Helmerich & Payne, Inc. ( ) is an American petroleum contract drilling company engaged in oil and gas well drilling and related services for exploration and production companies  headquartered in Tulsa, Oklahoma, with operations throughout the world. Their FlexRigs, introduced in 1998, have been used extensively in drilling unconventional shale formations, such as the Bakken formation in North Dakota and the Permian Basin and Eagle Ford formation in Texas. H&P is the largest on-shore driller in the United States of America with over 20% of the American land drilling market share and over 40% of the super-spec American land drilling market share.

History 

The company was founded in 1920 as a joint venture between Walt Helmerich II and Bill Payne, who met on an oil rig in South Bend, Texas. The company moved to Tulsa six years later.

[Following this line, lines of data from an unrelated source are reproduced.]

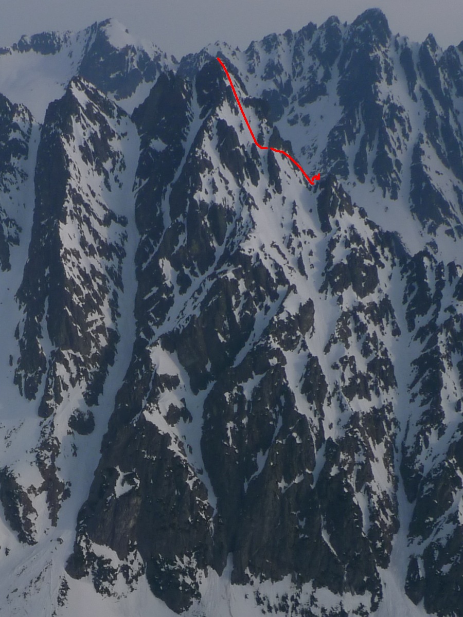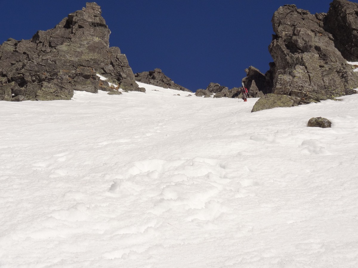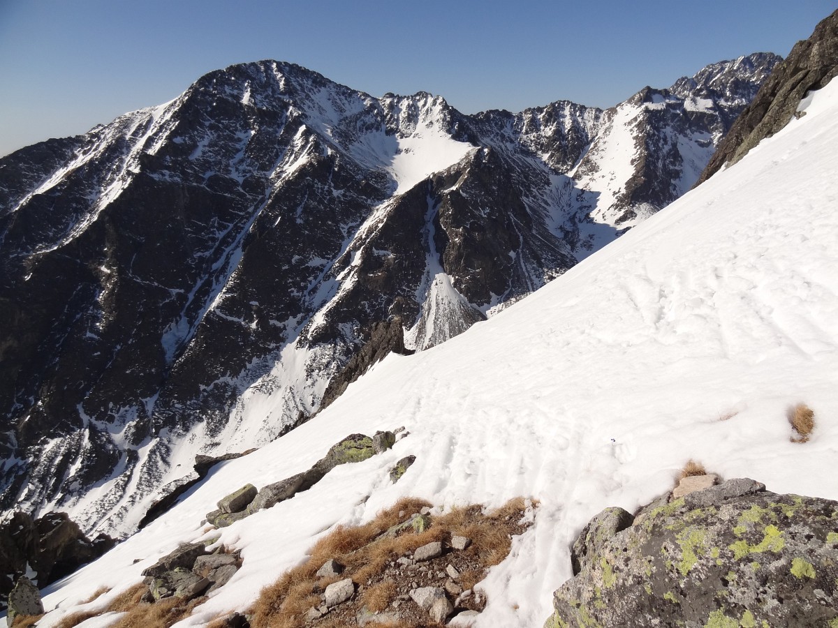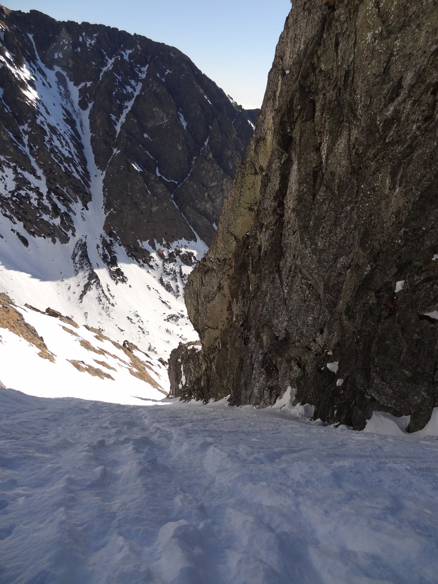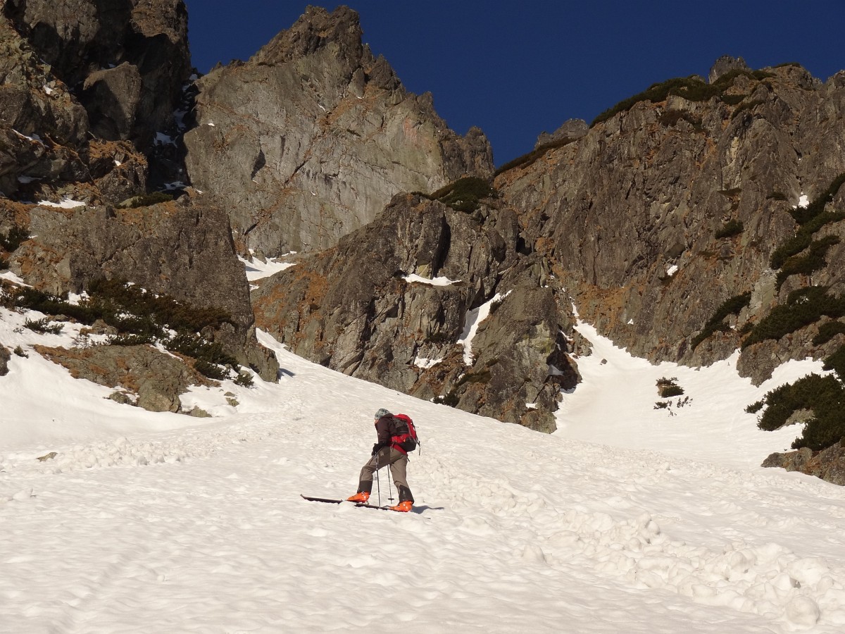 V sedle opäť na slnku, výšľap snehovou pláňou, potom jediný krátky prechod po skale do žľabu alebo skôr do série žliabkov na strane Veľkej Studenej a nimi až na vrchol. Je 10:30 a firn je už slušne nadtopený. Zhora máme dobrý prehľad na spomienky a hodnotenie absolvovaných ciest a plánovanie ďalších. Detaily zatiaľ neprezradím :)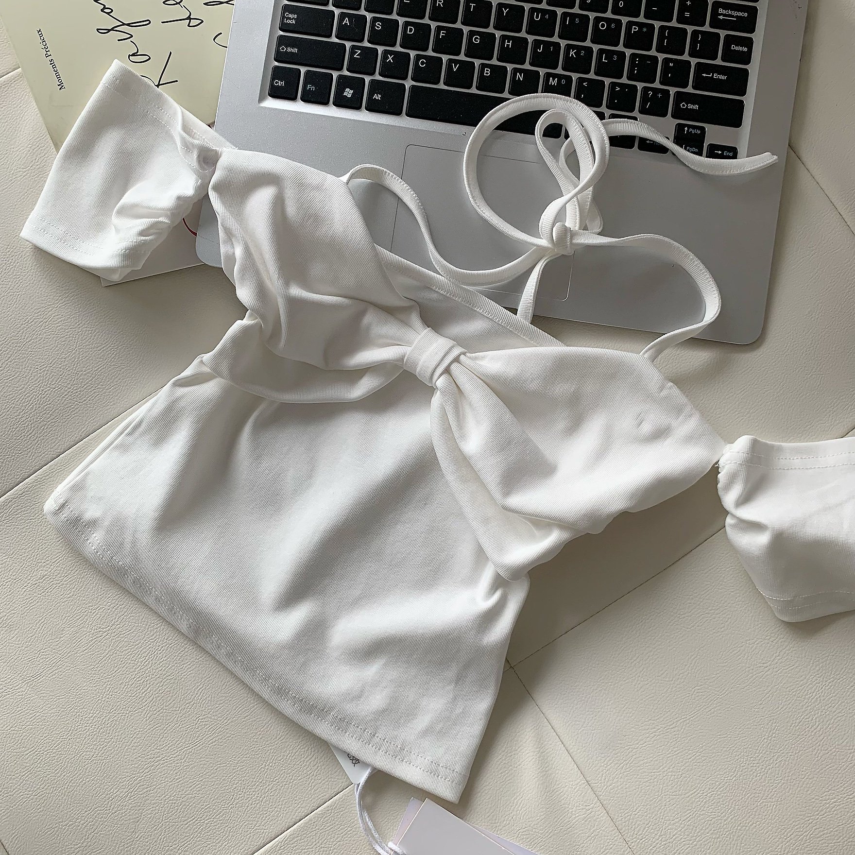 한 바람 chic 전체 집합 여름 ootd 착용 가져 가라. 오프숄더 맨위 와이드 레그 팬츠 어린이 초여름 아름다운 캐주얼 세트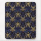 Este produto apresenta uma cor damasco intrincada e simétrica com os motivos florais dos ouros colocados sobre um marinho escuro e fundo preto. Os delicados elementos giratórios evocam uma sensação de luxo e refinamento, reminiscente dos designs barrocos ou Rococó. As matizes douradas oferecem um contraste rico contra os azuis profundos e modestos, criando uma estética elegante e sofisticada. O sombreamento sutil e a profundidade dão ao design uma sensação texturizada, quase tridimensional, melhorando seu encanto real e vintage.
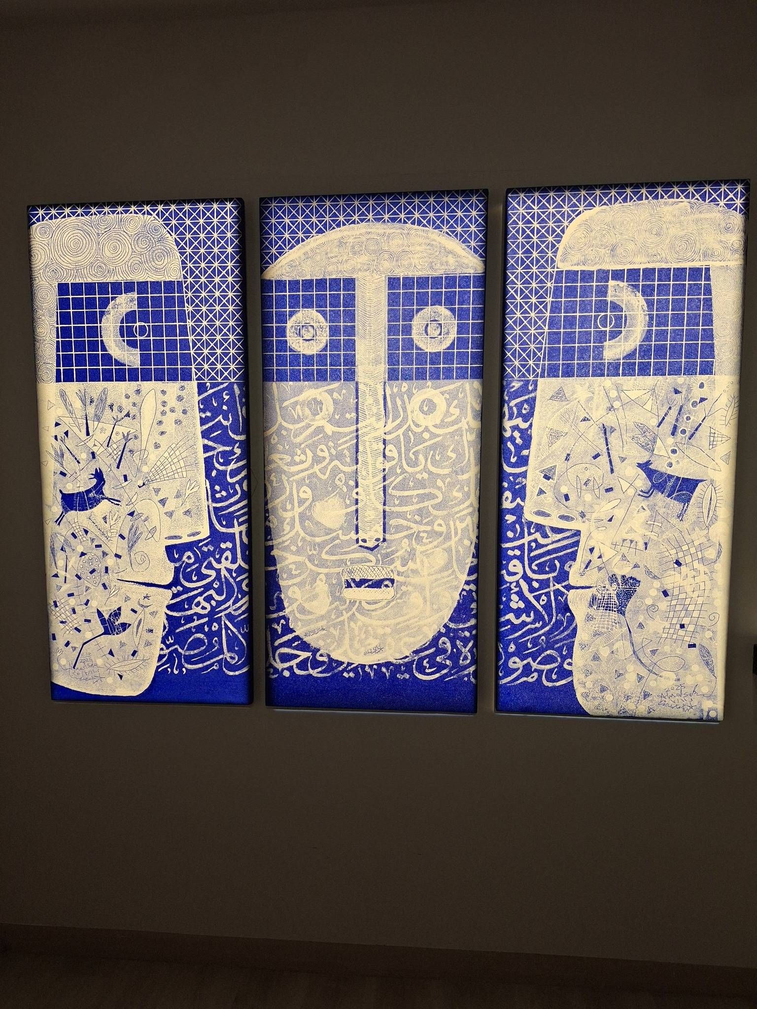 لقد استوعبها جيداً، واستحضرها وأعادها بإيقاع آخر جديد يجمع بين الخط الصريح المتعامد والمسطح الغني بالتفاصيل والمعالجة العصرية المحملة بالشفرات التي لا يسع المتلقي أمامها سوى محاولة فك أسرارها.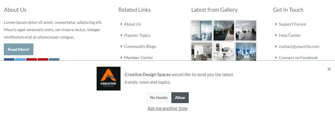 Это дополнение заменяет панель подписки новым стильным всплывающим окном с push-регистрацией в один клик, дополнительным логотипом и четырьмя общими позициями! Таким образом, всплывающее окно будет выглядеть более похоже на то, что мы ожидаем в Интернете, и сделает регистрацию быстрой и легкой!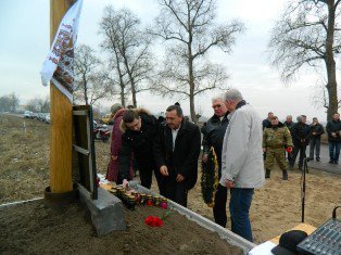 Настоятель місцевої церкви освятив пам’ятний хрест і прочитав молитву за спокій душ українських героїв.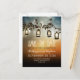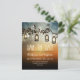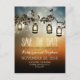 romantic and rustic save the date postcards with garden lights - oil lanterns hanging on the tree branch. Perfect save the date for rustic country wedding theme. Unique night lights wedding suite and trendy whimsical stationary.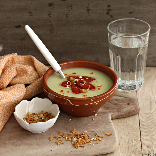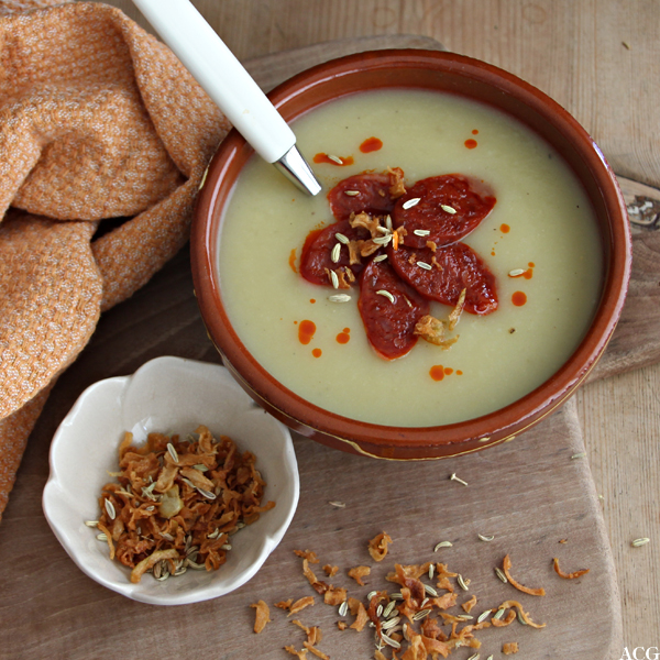Potetsuppe er svært populært, og det er ikke uten grunn. Vichyssoise (potet- pg purresuppe) er jo en klassiker – ingrediensene er lett tilgjengelige og den er enkel å lage. Men det er ikke til å stikke under en stol at potetsuppe kan være svært mild, og jeg merker at jeg ikke alltid er så god på «mild». Noen dager må jeg bare ha litt mer slagkraftig smak. Derfor liker jeg å «piffe» den opp litt. Pynte litt på brura, som det heter. Her har jeg droppet purren til fordel for den litt frekkere fennikelen, toppet med ristede fennikelfrø (for å få fram enda mer av den gode anissmaken), chorizopølse og sprøstekt løk fra pose! Crazy I know, men det funker som heia!

After benefiting and growing as a result of shale drilling, as of 2015, the company was losing market share and shrinking in size as lower prices in crude oil led to cuts in use of their oil rigs.

In November, 2018, H&P announced that it had formed H&P Technologies, a new business entity that will focus on the development of new technologies, especially for automation of directional drilling applications that can be used on any oil rig, "...regardless of the drilling or service provider.” H&P also announced that it had acquired Angus Jamieson Consulting (AJC), of Inverness, Scotland, a software-based, training and consultancy company. AJC also provides software and training for clients.

References

External links 
Voices of Oklahoma interview with Walter Helmerich. First person interview conducted in December 2008, with Walther Helmerich, son of the founder of Helmerich & Payne. 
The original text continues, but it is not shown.